I'm pretty sure Spark can do this sort of thing. Since I'm new, what I'm not 
sure about is, is Spark appropriate as a server application? For instance, the 
drive application would have to load the RDD and then listen for request and 
return results, perhaps using a socket?  Are there any libraries to facilitate 
this sort of Spark server app? So I understand how Spark can be used to grab 
data, run algorithms, and put results back but is it appropriate as the engine 
of a server app and what are the general patterns involved?

  

Re: Spark to eliminate full-table scan latency

2014-10-27 Thread Michael Armbrust
You can access cached data in spark through the JDBC server:

http://spark.apache.org/docs/latest/sql-programming-guide.html#running-the-thrift-jdbc-server

On Mon, Oct 27, 2014 at 1:47 PM, Ron Ayoub ronalday...@live.com wrote:

 We have a table containing 25 features per item id along with feature
 weights. A correlation matrix can be constructed for every feature pair
 based on co-occurrence. If a user inputs a feature they can find out the
 features that are correlated with a self-join requiring a single full table
 scan. This results in high latency for big data (10 seconds +) due to the
 IO involved in the full table scan. My idea is for this feature the data
 can be loaded into an RDD and transformations and actions can be applied to
 find out per query what are the correlated features.

 I'm pretty sure Spark can do this sort of thing. Since I'm new, what I'm
 not sure about is, is Spark appropriate as a server application? For
 instance, the drive application would have to load the RDD and then listen
 for request and return results, perhaps using a socket?  Are there any
 libraries to facilitate this sort of Spark server app? So I understand how
 Spark can be used to grab data, run algorithms, and put results back but is
 it appropriate as the engine of a server app and what are the general
 patterns involved?




RE: Spark to eliminate full-table scan latency

2014-10-27 Thread Ron Ayoub
This does look like it provides a good way to allow other process to access the 
contents of an RDD in a separate app? Is there any other general purpose 
mechanism for serving up RDD data? I understand that the driver app and workers 
all are app specific and run in separate executors but would be cool if there 
was some general way to create a server app based on Spark. Perhaps Spark SQL 
is that general way and I'll soon find out. Thanks. 

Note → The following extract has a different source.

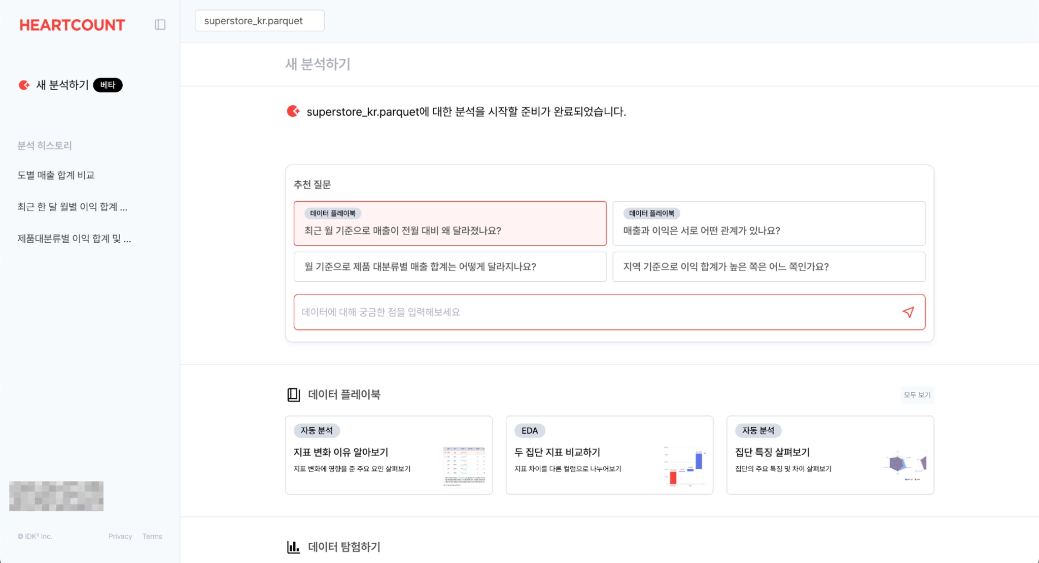 추천 질문: AI가 데이터의 특성을 파악하여 자동으로 생성한 질문들입니다. 클릭 한 번으로 분석을 시작할 수 있습니다. (예: "이번 달 매출이 달라진 이유가 무엇인가요?")

From: mich...@databricks.com
Date: Mon, 27 Oct 2014 14:35:46 -0700
Subject: Re: Spark to eliminate full-table scan latency
To: ronalday...@live.com
CC: user@spark.apache.org

You can access cached data in spark through the JDBC server:
http://spark.apache.org/docs/latest/sql-programming-guide.html#running-the-thrift-jdbc-server

On Mon, Oct 27, 2014 at 1:47 PM, Ron Ayoub ronalday...@live.com wrote:



We have a table containing 25 features per item id along with feature weights. 
A correlation matrix can be constructed for every feature pair based on 
co-occurrence. If a user inputs a feature they can find out the features that 
are correlated with a self-join requiring a single full table scan. This 
results in high latency for big data (10 seconds +) due to the IO involved in 
the full table scan. My idea is for this feature the data can be loaded into an 
RDD and transformations and actions can be applied to find out per query what 
are the correlated features. 
I'm pretty sure Spark can do this sort of thing. Since I'm new, what I'm not 
sure about is, is Spark appropriate as a server application? For instance, the 
drive application would have to load the RDD and then listen for request and 
return results, perhaps using a socket?  Are there any libraries to facilitate 
this sort of Spark server app? So I understand how Spark can be used to grab 
data, run algorithms, and put results back but is it appropriate as the engine 
of a server app and what are the general patterns involved?